A precise reproduction of every record below is needed, minus the pictures.

__GIVEN DATA__
⟨

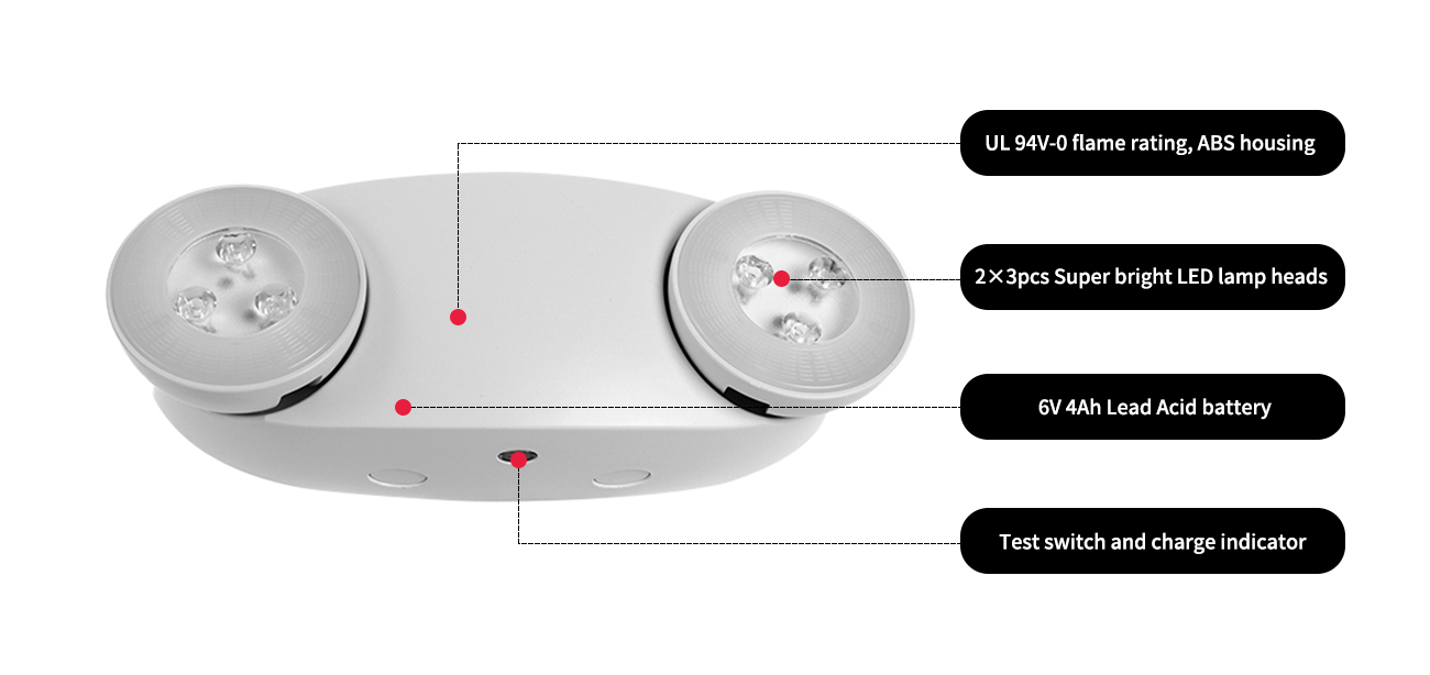 Dom / Proizvod / Hitno svjetlo / Svjetlo za hitne slučajeve s dvostrukom glavom / JLEU6 UL/CUL 600LM Visoka izlazna dvostruka glava Svjetlo za hitne slučajeve
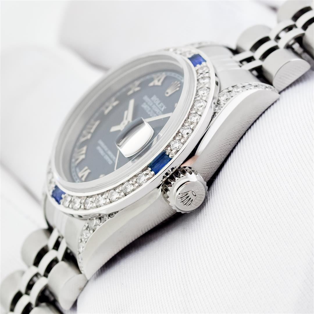 One Ladies Pre Owned Quickset Stainless Steel Rolex Datejust Polished Bright with Satin Finish, Serviced & Electronically Tested, Stainless Steel Case: 26mm, Custom Diamond Lugs: Added Diamonds On Lugs, Diamond Count: 24 Diamonds On Lugs. Rolex Stainless Steel Crown, Custom Bezel: New 18K White Gold Sapphire Bead Set Diamond Bezel, Diamond + Gem Count: 28 Diamonds + 4 Sapphires. Custom Crystal: New Sapphire With Magnified Date Window. Custom Hands: New Hands. Rolex Movement: Automatic Winding Movement 2235. Rolex Dial: Blue With Roman Hour Markers & Square Track. Date Window: 3 O'Clock Position Date Display, Model: Quickset Datejust. Condition: G-6 Extra Fine. Rolex Bracelet: Stainless Steel Jubilee Band. Bright Polish & Satin Finish. 6.0 Inch Length, Adjustable. Standard Clasp, With Rolex Logo. This Watch Has Been Serviced Time Tested And Is In Excellent Condition It Is Free Of All Scratches And Dents.
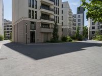 This image captures the essence of city life in Berlin, Germany. The modern architecture of high-rise condominiums is reflected in the shadow cast on the cobblestone road. Clear skies above provide a backdrop to the urban design and open spaces. The residential areas blend seamlessly with the cityscape, creating a harmonious blend of old and new. The shadow intentionally added to the color of the image adds depth and texture. This photo represents the vibrant energy and architectural beauty of Berlin.
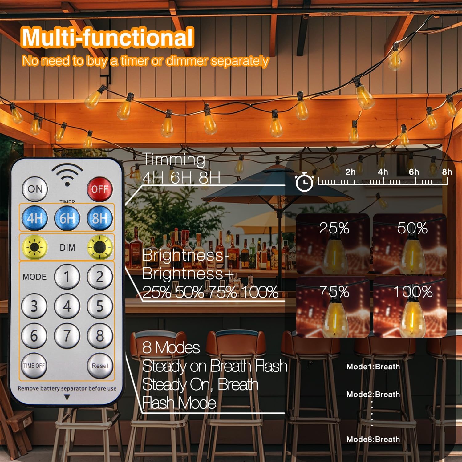 - These 120FT lights string are the perfect solution for bringing beautiful and functional lighting to your outdoor spaces. With the remote, you can easily turn the lights on and off, adjust the brightness levels, set the 6H/8H timer, or switch between different flashing modes
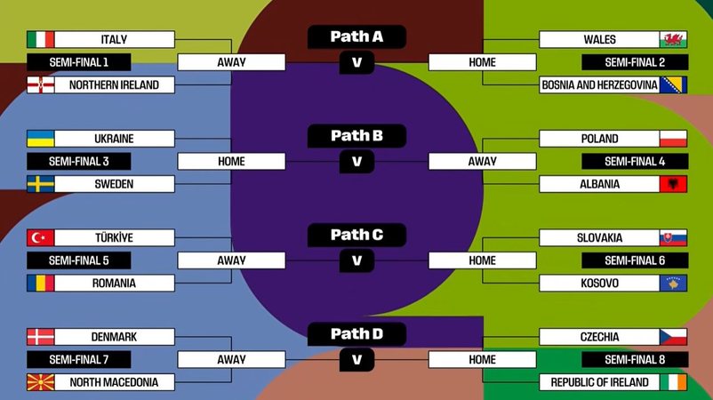Duelet e para të tyre do të luhen në transfertë më 26 mars. Ndërkohë nëse kuqezinjtë do të arrijnë të kalojnë polakët do të mund të përballen në finale me fituesin e çiftit Ukrainë – Suedi. Finalet do të luhet më 31 mars dhe ashtu si përballjen e parë edhe duelin e dytë do ta luajë në transfertë.
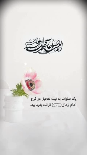 بِسم اللهِ الرَّحمنِ الرَّحیم*۞اَللّهُمَّ۞*۞کُنْ لِوَلِیِّکَ۞*۞الْحُجَّةِ بْنِ الْحَسَنِ۞*۞صَلَواتُکَ عَلَیْهِ وَعَلی آبائِهِ۞*۞فی هذِهِ السّاعَه وَفی کُلِّ ساعة۞*۞وَلِیّاًوَحافِظاً وَقائِداً وَناصِراًوَدَلیلاً۞*۞وَعَیْناً حَتّی تُسْکِنَهُ أَرْضَکَ۞*۞طَوْعاً وَتُمَتِّعَهُ فیها۞*۞طَویلا۞
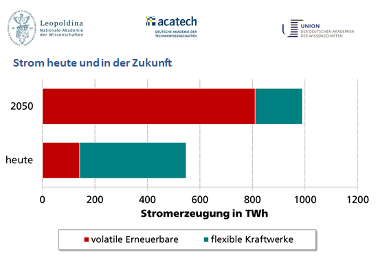 Im integrierten deutschen Energiesystem werde der Strombedarf bis 2050 steigen, und nicht, wie ursprünglich allgemein erwartet (Effizienz!), sinken – wobei sich bei der Stromerzeugung die Verteilung in volatile Erneuerbare und flexible Kraftwerke mehr als umkehrt:
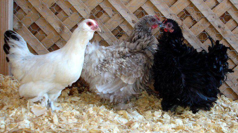 Here's the 3 I got yesterday. Does anyone know if there's a name for the color of the fawn colored frizzle? I've never really seen that color before on a Cochin, it's like coffee with cream. The white one is an Ameraucana/Cochin mix or D'Uccle mix or something, darling little girl.
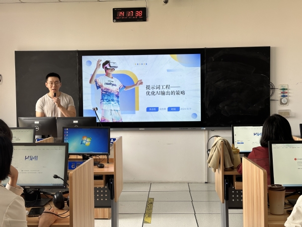 会议的压轴环节,闫含笑老师为在场教师们进行了一场关于提示词工程的精彩培训。闫含笑通过PPT演示、互动问答和实际操作演练,详细讲解了提示词的定义、重要性、基础结构、设计技巧、优化方法及其在教学中的应用,帮助与会教师们更好地理解提示词工程,以及设计有效的提示词来提高学生的学习效果。
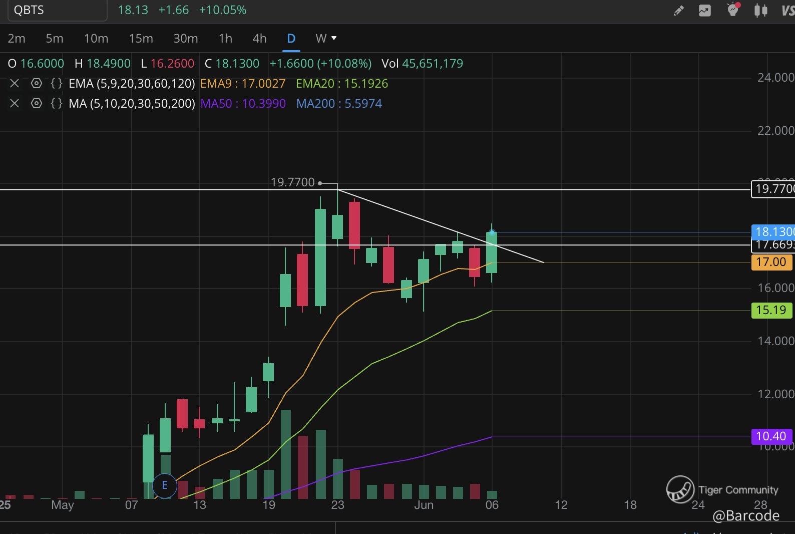 But instead of breaking down, $QBTS reversed hard. It reclaimed its trendline, surged above the 9EMA, and cleared back into the June Value Area, a key zone formed from May’s high-volume consolidation.
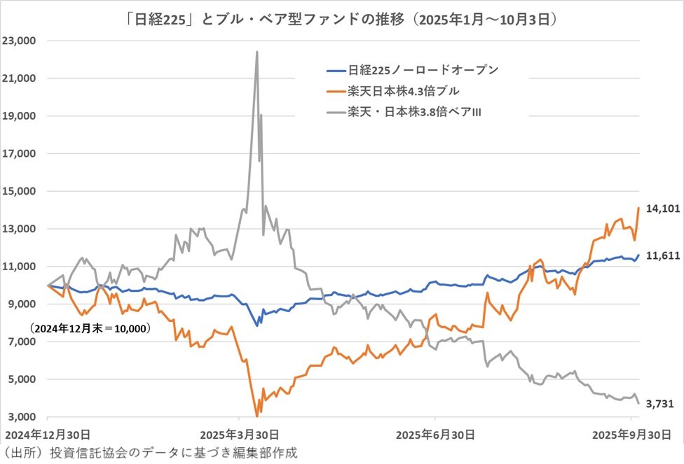 マネックス証券の売れ筋ランキングで2025年9月、「楽天日本株4.3倍ブル」がついにトップに立った。「レバレッジ型」といわれるファンドで、「株価指数先物取引を活用し、日々の基準価額の値動きが、わが国の株式市場全体の日々の値動き(日々の騰落率)のおおむね4.3倍程度となることを目指して運用する」としている。「4.3倍ブル」の場合、国内株式市場が1日で1%値上がりした場合、4.3%値上がりするイメージだ。「ブル型」は対象資産が上昇している場合は非常に効率的に資産を増やすことができるアイテムになる。反対に1%値下がりした場合には4.3%値下がりすることになり、大きな損失につながる。
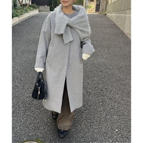 シンプルで使いやすいノーカラーコートはストールなど小物使いが楽しめるのも嬉しいポイント!
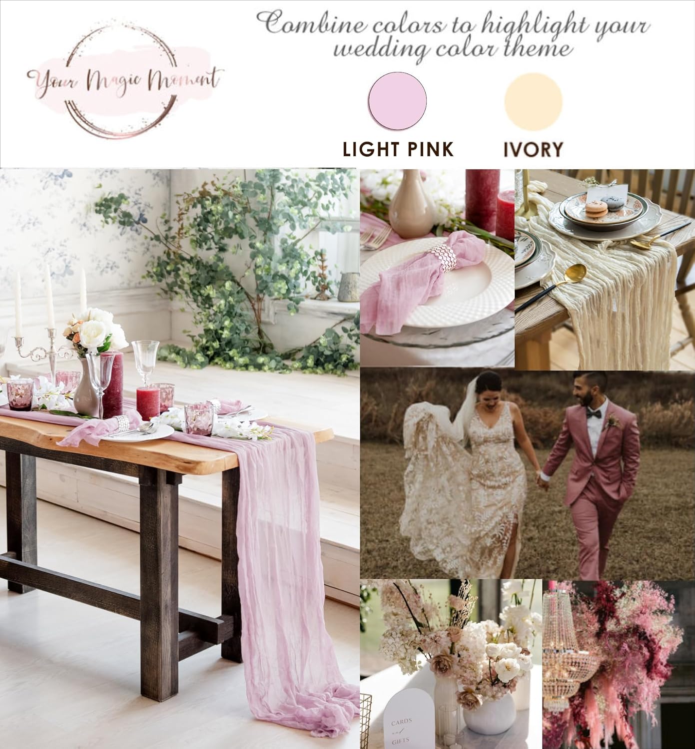 Light Pink Cheesecloth Table Runner Set of 2, 12 ft Cotton Gauze Runner Rustic Table Decorations, Cheese Cloth Fabric Bulk for Party Decor, Bohemian Table Runner Extra Long Boho Cheese Cloth (142 in)
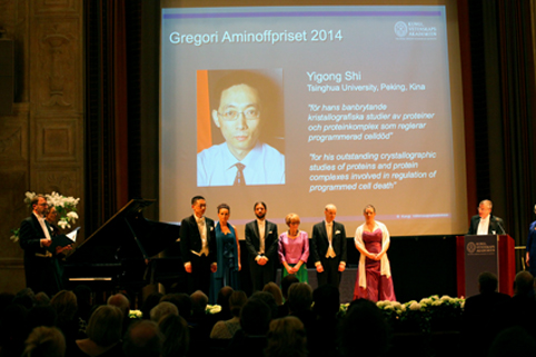 Professor Shi Yigong, Dean of School of Life Sciences, Tsinghua University, was awarded the Gregori Aminoff Prize in Crystallography 2014 at the Royal Swedish Academy of Sciences’ Annual Meeting on March 31. He is the first scientist from China who has won the Prize since it was established in 1979.
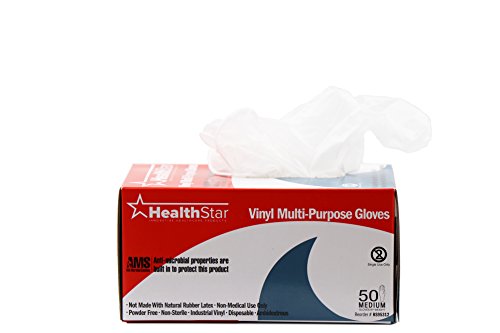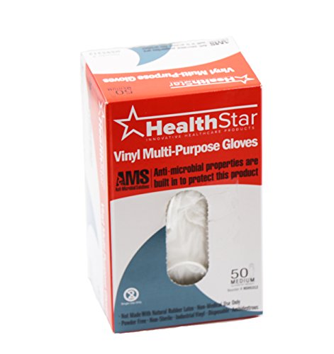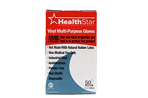 Healthstar Anti-microbial Vinyl Multi-Purpose glove, Medium, Disposable, Powder Free, Industrial Quality, Comfortable (Box of 50)
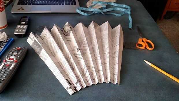 Coge un periódico y llegar a la redacción! Usted puede cortar piezas de falda media o trozos de falda de barrio como yo lo hice. He utilizado una regla super larga como un compás improvisado, pero no dude en utilizar lo que encuentres más fácil. Una vez que tengas tu cuarto o la mitad, dibujados los círculos (mejor hacerlo en una esquina por lo que es más fácil) recorto y doblan por la mitad continuamente hasta que tenga aproximadamente una pulgada de secciones. Desdoble el papel y marcar las líneas de doblez de arriba hacia abajo, es mejor usar una regla para esta parte.

⟩

__THE COMPLETED TASK__
 Dom / Proizvod / Hitno svjetlo / Svjetlo za hitne slučajeve s dvostrukom glavom / JLEU6 UL/CUL 600LM Visoka izlazna dvostruka glava Svjetlo za hitne slučajeve
 One Ladies Pre Owned Quickset Stainless Steel Rolex Datejust Polished Bright with Satin Finish, Serviced & Electronically Tested, Stainless Steel Case: 26mm, Custom Diamond Lugs: Added Diamonds On Lugs, Diamond Count: 24 Diamonds On Lugs. Rolex Stainless Steel Crown, Custom Bezel: New 18K White Gold Sapphire Bead Set Diamond Bezel, Diamond + Gem Count: 28 Diamonds + 4 Sapphires. Custom Crystal: New Sapphire With Magnified Date Window. Custom Hands: New Hands. Rolex Movement: Automatic Winding Movement 2235. Rolex Dial: Blue With Roman Hour Markers & Square Track. Date Window: 3 O'Clock Position Date Display, Model: Quickset Datejust. Condition: G-6 Extra Fine. Rolex Bracelet: Stainless Steel Jubilee Band. Bright Polish & Satin Finish. 6.0 Inch Length, Adjustable. Standard Clasp, With Rolex Logo. This Watch Has Been Serviced Time Tested And Is In Excellent Condition It Is Free Of All Scratches And Dents.
 This image captures the essence of city life in Berlin, Germany. The modern architecture of high-rise condominiums is reflected in the shadow cast on the cobblestone road. Clear skies above provide a backdrop to the urban design and open spaces. The residential areas blend seamlessly with the cityscape, creating a harmonious blend of old and new. The shadow intentionally added to the color of the image adds depth and texture. This photo represents the vibrant energy and architectural beauty of Berlin.
 - These 120FT lights string are the perfect solution for bringing beautiful and functional lighting to your outdoor spaces. With the remote, you can easily turn the lights on and off, adjust the brightness levels, set the 6H/8H timer, or switch between different flashing modes
Duelet e para të tyre do të luhen në transfertë më 26 mars. Ndërkohë nëse kuqezinjtë do të arrijnë të kalojnë polakët do të mund të përballen në finale me fituesin e çiftit Ukrainë – Suedi. Finalet do të luhet më 31 mars dhe ashtu si përballjen e parë edhe duelin e dytë do ta luajë në transfertë.
 بِسم اللهِ الرَّحمنِ الرَّحیم*۞اَللّهُمَّ۞*۞کُنْ لِوَلِیِّکَ۞*۞الْحُجَّةِ بْنِ الْحَسَنِ۞*۞صَلَواتُکَ عَلَیْهِ وَعَلی آبائِهِ۞*۞فی هذِهِ السّاعَه وَفی کُلِّ ساعة۞*۞وَلِیّاًوَحافِظاً وَقائِداً وَناصِراًوَدَلیلاً۞*۞وَعَیْناً حَتّی تُسْکِنَهُ أَرْضَکَ۞*۞طَوْعاً وَتُمَتِّعَهُ فیها۞*۞طَویلا۞
 Im integrierten deutschen Energiesystem werde der Strombedarf bis 2050 steigen, und nicht, wie ursprünglich allgemein erwartet (Effizienz!), sinken – wobei sich bei der Stromerzeugung die Verteilung in volatile Erneuerbare und flexible Kraftwerke mehr als umkehrt:
 Here's the 3 I got yesterday. Does anyone know if there's a name for the color of the fawn colored frizzle? I've never really seen that color before on a Cochin, it's like coffee with cream. The white one is an Ameraucana/Cochin mix or D'Uccle mix or something, darling little girl.
 会议的压轴环节,闫含笑老师为在场教师们进行了一场关于提示词工程的精彩培训。闫含笑通过PPT演示、互动问答和实际操作演练,详细讲解了提示词的定义、重要性、基础结构、设计技巧、优化方法及其在教学中的应用,帮助与会教师们更好地理解提示词工程,以及设计有效的提示词来提高学生的学习效果。
 But instead of breaking down, $QBTS reversed hard. It reclaimed its trendline, surged above the 9EMA, and cleared back into the June Value Area, a key zone formed from May’s high-volume consolidation.
 マネックス証券の売れ筋ランキングで2025年9月、「楽天日本株4.3倍ブル」がついにトップに立った。「レバレッジ型」といわれるファンドで、「株価指数先物取引を活用し、日々の基準価額の値動きが、わが国の株式市場全体の日々の値動き(日々の騰落率)のおおむね4.3倍程度となることを目指して運用する」としている。「4.3倍ブル」の場合、国内株式市場が1日で1%値上がりした場合、4.3%値上がりするイメージだ。「ブル型」は対象資産が上昇している場合は非常に効率的に資産を増やすことができるアイテムになる。反対に1%値下がりした場合には4.3%値下がりすることになり、大きな損失につながる。
 シンプルで使いやすいノーカラーコートはストールなど小物使いが楽しめるのも嬉しいポイント!
 Light Pink Cheesecloth Table Runner Set of 2, 12 ft Cotton Gauze Runner Rustic Table Decorations, Cheese Cloth Fabric Bulk for Party Decor, Bohemian Table Runner Extra Long Boho Cheese Cloth (142 in)
 Professor Shi Yigong, Dean of School of Life Sciences, Tsinghua University, was awarded the Gregori Aminoff Prize in Crystallography 2014 at the Royal Swedish Academy of Sciences’ Annual Meeting on March 31. He is the first scientist from China who has won the Prize since it was established in 1979.
 Healthstar Anti-microbial Vinyl Multi-Purpose glove, Medium, Disposable, Powder Free, Industrial Quality, Comfortable (Box of 50)
 Coge un periódico y llegar a la redacción! Usted puede cortar piezas de falda media o trozos de falda de barrio como yo lo hice. He utilizado una regla super larga como un compás improvisado, pero no dude en utilizar lo que encuentres más fácil. Una vez que tengas tu cuarto o la mitad, dibujados los círculos (mejor hacerlo en una esquina por lo que es más fácil) recorto y doblan por la mitad continuamente hasta que tenga aproximadamente una pulgada de secciones. Desdoble el papel y marcar las líneas de doblez de arriba hacia abajo, es mejor usar una regla para esta parte.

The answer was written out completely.